When using an access controller with "thin" access points, you can realize the following benefits:

Important features

Access controllers generally provide port-based access control. When a user attempts to utilize a network-based application, such as a Web site via a Web browser, the access controller blocks access and redirects the user's browser to a login-in page. The user can then enter their user name and password, and the access controller will authenticate the user via an authentication server. The network application could, as an alternative, use digital certificates for authentication purposes. The authentication server provides authentication and authorization information that the access controller uses as a basis to regulate the user's access to the protected network. The user will have authorization to use specific port addresses, such as "port 80" for Internet browsing.

When shopping for an access controller, assess the following features:

Access controllers aren't always the best solution for wireless LAN applications. If you're implementing a smaller network for a home or small office, then there may not be enough benefit to offset the thousands of dollars for an access controller.

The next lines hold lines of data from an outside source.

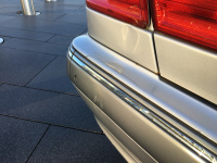 Zwei kleine Schwachstellen hatte der W210 allerdings auch. Am Kotflügel vorne rechts macht sich ein kleiner Rostfleck in Daumengröße bemerkbar und hinten an der Stoßstange befindet sich ein kleiner Riss. Auf der Hebebühne und von unten sah die E-Klasse richtig gut aus. Zudem ist das Baujahr ein sehr interessantes. Der W210 wurde bis 2002 gebaut. Dieser W210 ist Baujahr 2001 und hatte seine Erstzulassung im Jahr 2003. Das Facelift des W210 bekam andere Heckleuchten, eine sportliche Lippe auf dem Kofferraum, eine abgesengte Fahrzeugfront und viele weitere Extras.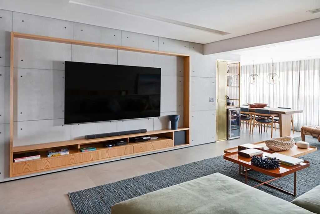 Această combinație de materiale, culori și texturi transformă apartamentul într-un loc modern, echilibrat și plin de personalitate. Lemnul adaugă confort, betonul oferă un aer contemporan, iar culoarea vine cu energia necesară pentru un design unic și bine definit.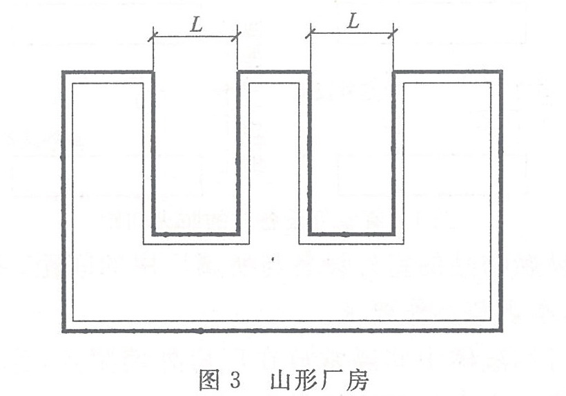 3.4.7 對(duì)于圖3所示的“山形”、“凵形”等類似形狀的廠房,建筑的兩翼相當(dāng)于兩座廠房。本條規(guī)定了建筑兩翼之間的防火間距(L),主要為便于滅火救援和控制火勢(shì)蔓延。但整個(gè)廠房的占地面積不大于本規(guī)范第3.3.1條規(guī)定的一個(gè)防火分區(qū)允許最大建筑面積時(shí),該間距L可以減小到6m。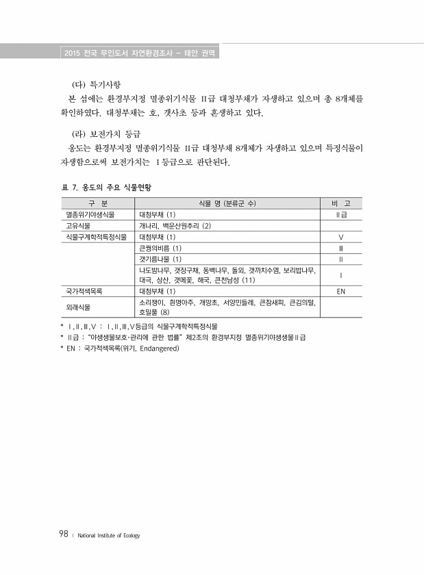 2015 전국 무인도서 자연환경조사 태안 권역 98 ? National Institute of Ecology 다 특기사항 본 섬에는 환경부지정 멸종위기식물 Ⅱ급 대청부채가 자생하고 있으며 총 8개체를 확인하였다. 대청부채는 호, 갯사초 등과 혼생하고 있다. 라 보전가치 등급 옹도는 환경부지정 멸종위기식물 Ⅱ급 대청부채 8개체가 자생하고 있으며 특정식물이 자생함으로써 보전가치는 Ⅰ등급으로 판단된다. 구 분 식물 명 분류군 수 비 고 멸종위기야생식물 대청부채 1 Ⅱ급 고유식물 개나리, 백운산원추리 2 식물구계학적특정식물 대청부채 1 Ⅴ 큰꿩의비름 1 Ⅲ 갯기름나물 1 Ⅱ 나도밤나무, 갯장구채, 동백나무, 돌외, 갯까치수염, 보리밥나무, 대극, 상산, 갯메꽃, 해국, 큰천남성 11 Ⅰ 국가적색목록 대청부채 1 E...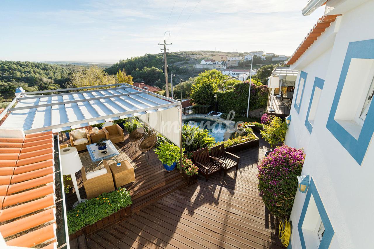 Этот замечательный дом с двумя спальнями расположен на участке площадью около 752 кв.м. с бассейном и садом. Из дома открывается вид на море и природный парк Синтра-Кашкайш.

With only one or two access points, the more cost effective solution is generally to use a "smart" access point to provide enhancements to the network. Or, you might only need to deploy "thin" access points alone if security is not of major concern and you have a limited number of users.

Jim Geier provides independent consulting services to companies developing and deploying wireless network solutions. He is the author of the book, Wireless LANs (SAMs, 2001), and regularly instructs workshops on wireless LANs.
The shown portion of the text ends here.